One way to look at distracted driving is by putting it into general categories. These don’t refer to specific actions. For instance, daydreaming is one of the most common types of distracted driving. But the main categories will encompass many different types of distraction to show how they impact safety on the roads.

The Centers for Disease Control and Prevention have defined these categories as manual distractions, visual distractions and cognitive distractions. Let’s take a quick look at how they differ.

What is a manual distraction?

This is when someone isn’t holding the vehicle’s controls. Some examples are things that drivers consider necessary, like adjusting the mirrors or even programming a GPS. But others are things that drivers know are distracting, like picking up a cellphone.

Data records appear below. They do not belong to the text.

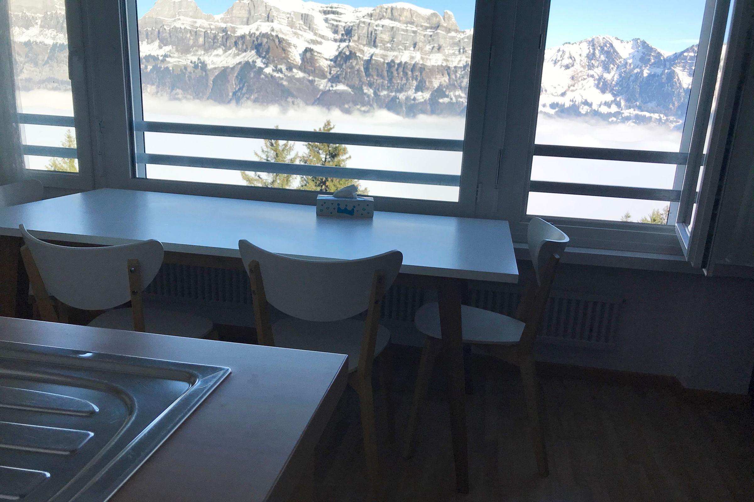 Die 1.5 Zimmerwohnung befindet sich zuoberst im 11. Stock im MFH Gauenpark in Flumserberg Tannenheim mit herrlicher Aussicht auf die Churfirsten und den Walensee. Die Wohnung ist sehr ruhig gelegen. Ein Parkplatz ist kostenlos vorhanden. Schlafzimmer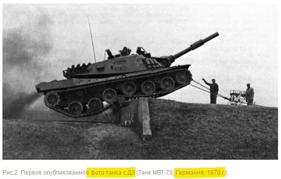 На самом деле — нет. Неоднократно сталкивался с тем, что опытному американо-немецкому танку MBT70 приписывается установка динамической защиты (ДЗ). Вот и в заметке Дорохова Н. С., начальника отдела активной защиты НИИ Стали, присутствует фото MBT70 с занятной подписью к ней [1]: Начнём с того, что ДЗ на танки MBT70 не устанавливалась и не планировалась. На фото представлен второй опытный образец американского варианта танка с грузами на башне для повышения массы машины до проектной [2, с. 139]. Кроме того, Ханникат указывает, что это съемка на Абердинском полигоне (США), датируемая 27 марта 1969 года. Кроме этой распространённой ошибки в статье приведена расхожая байка о создании ДЗ «Контакт-1», не имеющая ничего общего с действительностью: Ближневосточный конфликт и демонстрация реальных возможностей ДЗ «Блэйзер» стали своего рода катализатором работ по ДЗ в России. В июне 1982 года Министерством обороны ставится ОКР «Контакт-1» по разработке ДЗ для танков Т-80; Т-72Б; Т-64А; Т-62 и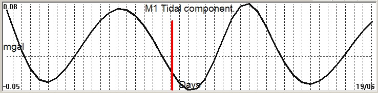 Fig. 2. M1 tidal variation (black line) v.s time of occurrence (red bar) of the EQ.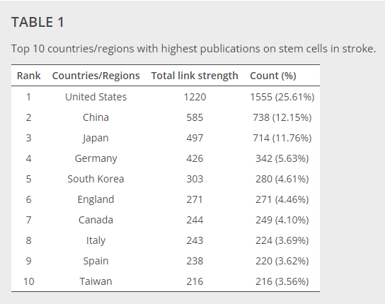 參考資料:Zhang Q, Zeng Y, Zheng S, et al. Research hotspots and frotiers of stem cells in stroke: A bibliometric analysis from 2004 to 2022. Frontiers in Pharmacology. 2023 ;14:1111815. DOI: 10.3389/fphar.2023.1111815. PMID: 36937837; PMCID: PMC10020355.
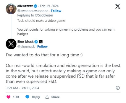 另有一位用戶(hù)發(fā)帖稱(chēng),“特斯拉應該做一款電子游戲”,這位首席執行官回應道,他想做這件事已經(jīng)很久了,他認為特斯拉的“真實(shí)世界模擬和視頻生成是世界上最好的”。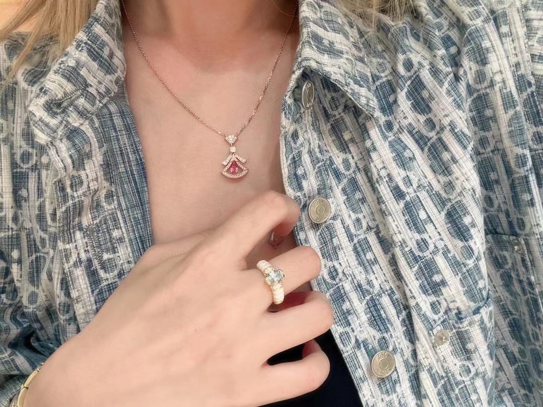 Bvlgari Anakehead Necklace Full Height Carbon Diamond Inner Ring Hollow Accessories Jewelry #nigo82281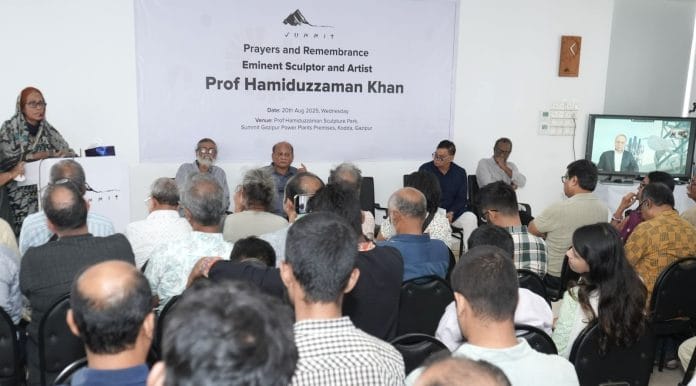 Professor Hamiduzzaman Khan, Bangladesh’s eminent sculptor and artist, who passed away on 20 July 2025, was remembered at a special ceremony held on Wednesday at the Hamiduzzaman Sculpture Park inside the Summit Gazipur 464 MW Power Plant premises in Kodda, Gazipur.
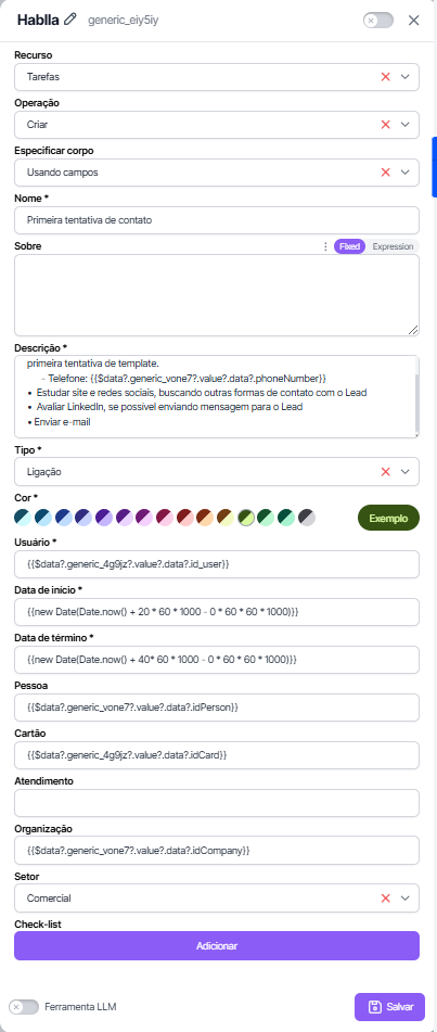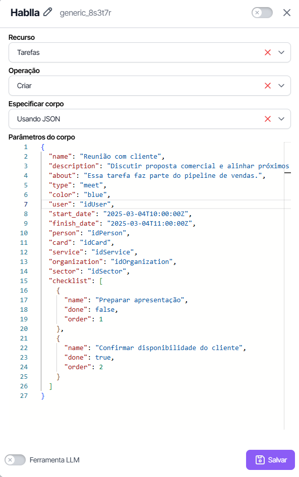 The operation **Create Task** in Hablla Studio allows you to organize and automate the management of activities within the system. You can choose between configuring the fields manually or using a **JSON** custom for greater flexibility.
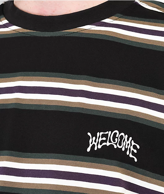 Welcome brings the Thelma stripe long sleeve t-shirt in a black colorway with horizontal striping in green, purple and white accents. On the left of chest is an embroidered brand name in white for contrast.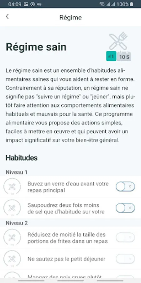 Acquire good habits thanks to a continuous flow of ideas, recommendations and personalized health advice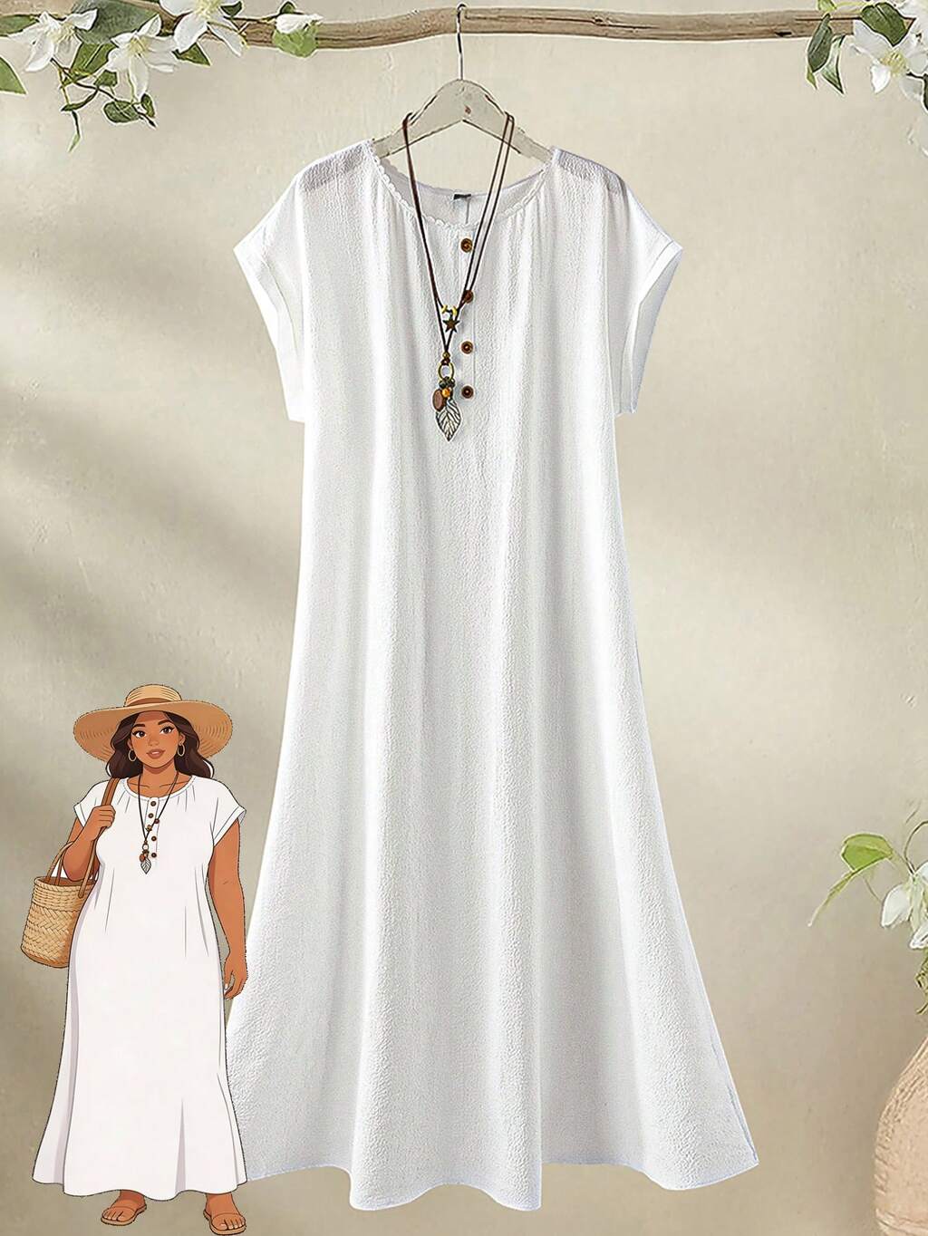 Plus Size Women's Casual Solid Color Round Neck Batwing Sleeve Dress, Summer,Spring Clothes Women,Beach Vacation Outfits For Women ,Vacation Outfits Women, Casual Dresses For Women,White Dress For Women,Spring Dresses White Casual Dresses For Women Women's White Dress Short Sleeve White Dress White Vintage Dress Linen Dresses For Women Summer Women Casual Dresses Womens Summer Dresses Zanzea Dress For Women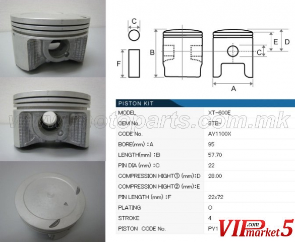 Piston kit Клип Yamaha XT600 комплет со карики, болц и осигурачи TKRJ ® Made in Japan STD 0.50 1.00

What is a visual distraction?

Visual distractions are the easiest to understand, as they include anything that causes that driver to look away from the road. Technically speaking, even reading a billboard is a visual distraction. So is reading a text message.

What is a cognitive distraction?

Mental distractions are among the most problematic because they can happen without warning and they are a bit more difficult to identify. One of them is daydreaming, as noted above. If a driver’s mind begins to wander, they’re cognitively distracted, even if they don’t realize it until they cause a serious crash.

Distracted drivers cause accidents every day in the United States. If you have suffered injuries, you may be able to seek financial compensation. This compensation can help to replace lost wages, cover medical bills, compensate you for pain and suffering, and much more.